North Lawndale residents had been duped before. But UCAN wasn’t making empty promises.

Delivering

In 2015 alone, UCAN spent nearly $600,000 on services from local vendors in North Lawndale.

And at every turn, leadership sought out the diversity that UCAN expects of its own organization. Sixty percent of subcontractors working on the North Lawndale campus development were minority- or women-owned businesses. And after extensive negotiations, UCAN was able to secure 45 new hires among its subcontractors for the project. All were local workers.

Major North Lawndale institutions began taking note.

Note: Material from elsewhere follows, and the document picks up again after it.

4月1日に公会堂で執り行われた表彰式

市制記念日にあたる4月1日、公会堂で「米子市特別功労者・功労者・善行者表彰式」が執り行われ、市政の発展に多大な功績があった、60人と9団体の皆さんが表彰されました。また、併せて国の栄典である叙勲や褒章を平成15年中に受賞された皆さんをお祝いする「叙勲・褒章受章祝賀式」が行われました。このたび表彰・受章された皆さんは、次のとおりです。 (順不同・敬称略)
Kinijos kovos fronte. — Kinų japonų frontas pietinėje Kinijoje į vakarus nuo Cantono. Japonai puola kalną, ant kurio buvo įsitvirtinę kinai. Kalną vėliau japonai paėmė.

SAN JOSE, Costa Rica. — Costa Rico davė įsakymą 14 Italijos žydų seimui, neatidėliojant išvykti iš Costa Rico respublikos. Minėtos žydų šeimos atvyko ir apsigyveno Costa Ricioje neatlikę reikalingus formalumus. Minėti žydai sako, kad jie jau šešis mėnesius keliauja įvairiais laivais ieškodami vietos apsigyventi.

“I could not be prouder of the job that UCAN did on diversity in hiring and vendor relationships,” said Kevin Sutton.

Sutton is the Vice President of the Foundation for Homan Square, a nonprofit organization founded to oversee the redevelopment of former Sears properties in the area. It has transformed the original Sears Tower, now called Nichols Tower, into a hub for job training, arts education and leadership development.

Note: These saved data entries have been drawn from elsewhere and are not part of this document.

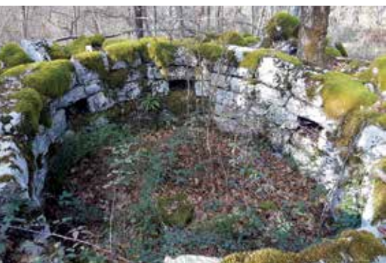
Vojni položaj kod Obadi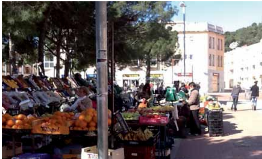
El nou mercat setmanal es situa cada dimecres a la Plaça del Pi Tallat.

Emmarcat en un projecte més ampli de Promoció Econòmica, el Mercat Setmanal de Santa Coloma es projecta com un complement necessari de l'oferta comercial de proximitat.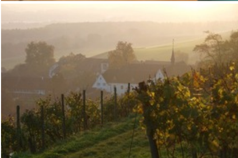
Das Hotel Kartause in Ittingen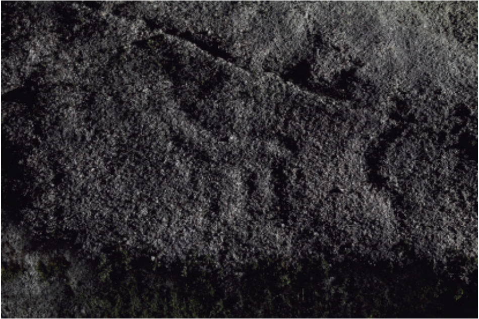
Foto 7.- Representación animal do panel Calvela 2.

17) Revolto-8 (Coordenadas UTM 570698-4798771, cota de altitude 251 m). Situado inmediatamente ó N do panel de Revolto-3 (GATT 2008). Afloramento a ras de chan cunhas dimensións de 5,60 m N-S x 4 L-O, está dividido de N a S por unha pequena veta de seixo. No L do afloramento hai varias pías naturais, e nos pequenos curutos que forma a pedra ollamos tres cazoletas de 4 e 4,5 cm de Ø e un pequeno círculo de 15 cm de Ø con cazoleta central. Na parte O da veta encóntranse a maioría dos gravados, tres cazoletas simples de 5 e 7 cm Ø, dúas cazoletas de 4 cm unidas por unha raia e unha cazoleta con dous sucos de saída de 24 cm de longo, en forma de V. Tamén podemos ollar unha combinación de círculos concéntricos de tres aros e un cuarto incompleto, de 30 cm de Ø, con suco de saída; outra combinación de círculos concéntricos de 40 cm de Ø, de dous aros con cazoleta central e tres raias que forman un apéndice rectangular do que parte o segundo aro; un pequeno círculo de 12 cm con cazoleta central e os restos dunha combinación circular de 24 cm de Ø de dous aros.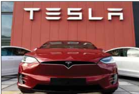
से भी 285 कर्मचारियों को नौकरी से निकाला जाएगा।

टेस्ला ने मंगलवार को मार्च तिमाही का परिणाम जारी किया है। इसके साथ ही यह जानकारी भी दी गई है कि कंपनी जल्द ही कर्मचारियों की छंटीनी करने पर विचार कर रही है। माना जा रहा है कि 6020 कर्मचारियों को नौकरी से निकाला जा सकता है। मूल रूप से यह छंटीनी कैलिफोर्निया और टेक्सास में की जा सकती है। कैलिफोर्निया में 332 लोगों को नौकरी से निकाला जाएगा। वहीं टेक्सास में 2688 लोग बेरोजगार हो सकते हैं। न्यूयॉर्क स्थित बफेलो प्लांट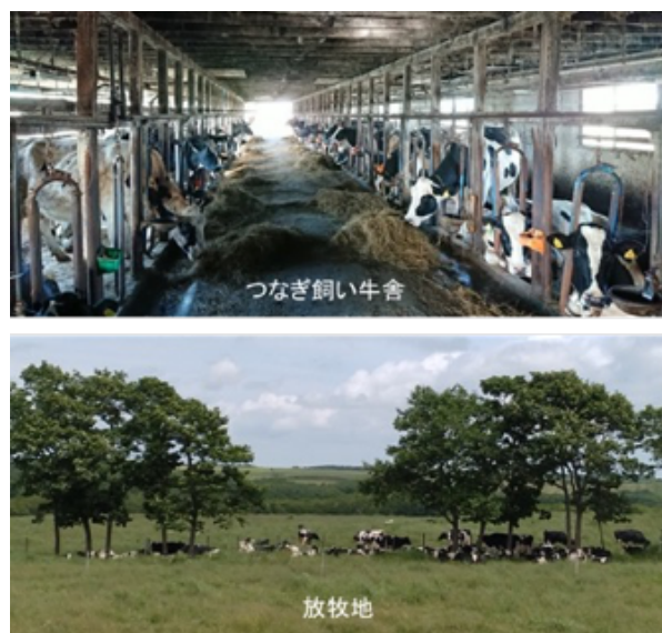
図1 調査対象酪農場の概要

また同酪農場において、2020年1月～2021年12月までの2年間における血乳の発生状況を調査し、血乳が生じた場合は1週間程度、朝夕に個体乳を採取し、血液濃度や体細胞数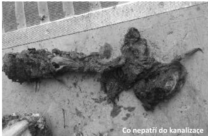
Co nepatří do kanalizace

Správu naší obecní kanalizace vykonává VaK Vysoké Mýto a provádí i veškeré opravy kanalizace. Náklady na opravu pak započítává do ceny, kterou obci účtuje. Cena služeb, prováděných VaKem, se následně promítá do výpočtu pro budoucí stočné.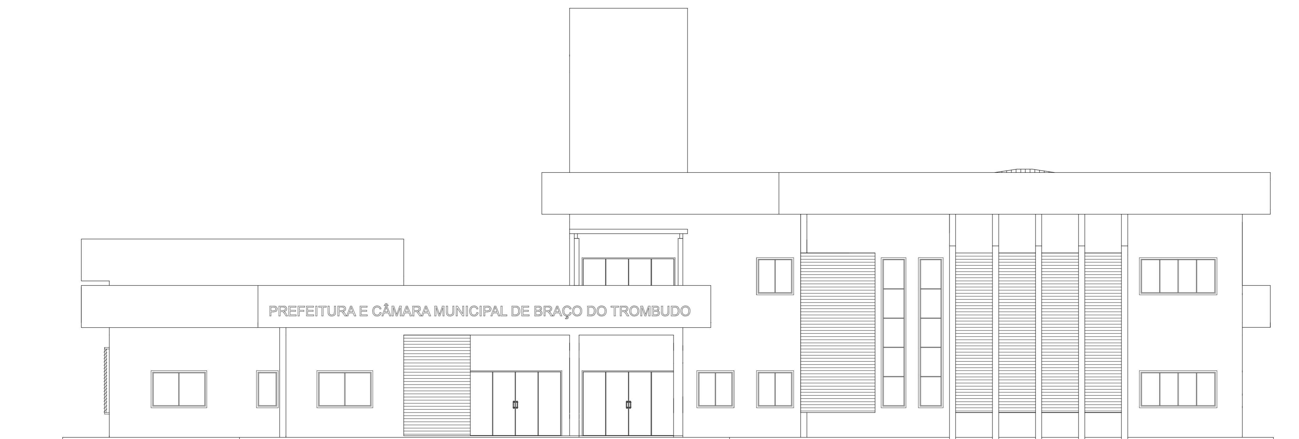
VISTA 01 ESC.: 1/75

“That makes a huge difference. That’s how you change the story. That’s how you make an impact.”

If community-focused hiring and spending changed the story, buildings transformed the tone. UCAN broke ground on its new campus in 2013. The weeds and tall grass of a vacant lot were replaced with bustling activity as the lot started to transform.

“When I saw the first renderings of the buildings from UCAN I was just thrilled,” Sutton said. “I believe when you build beautiful things it changes people’s entire perception. It’s gorgeous. And it’s so thoughtfully designed.”

Across the street from the project, Pastor Storey was amazed.

“It used to be that I came to church some mornings and I would shake my head,” he said. “It was nothing but weeds and trees.”

“Now it’s beautiful.”

Not only is it beautiful. It is functional. Each detail, from the parking lot, to the way in which youth housing is offset from the main street, to the material of the walls in the residences, is purposeful.

“They’ve put forward a significant investment, not just in buildings, but in people,” Sutton said. “That’s the turning point: When you see the value of the people who don’t even work for you.”

UCAN CEO Tom Vanden Berk is proud of what his team has been able to accomplish thus far.

“Our new campus is the culmination of years of commitment by many dedicated people,” he said. “UCAN now is well positioned for many years to come to build strong youth and families through compassionate healing, education and empowerment.”

It is with that empathy and quality of work that UCAN honors the ground on which it now stands.

Where one pillar of the community has fallen, another has finally risen.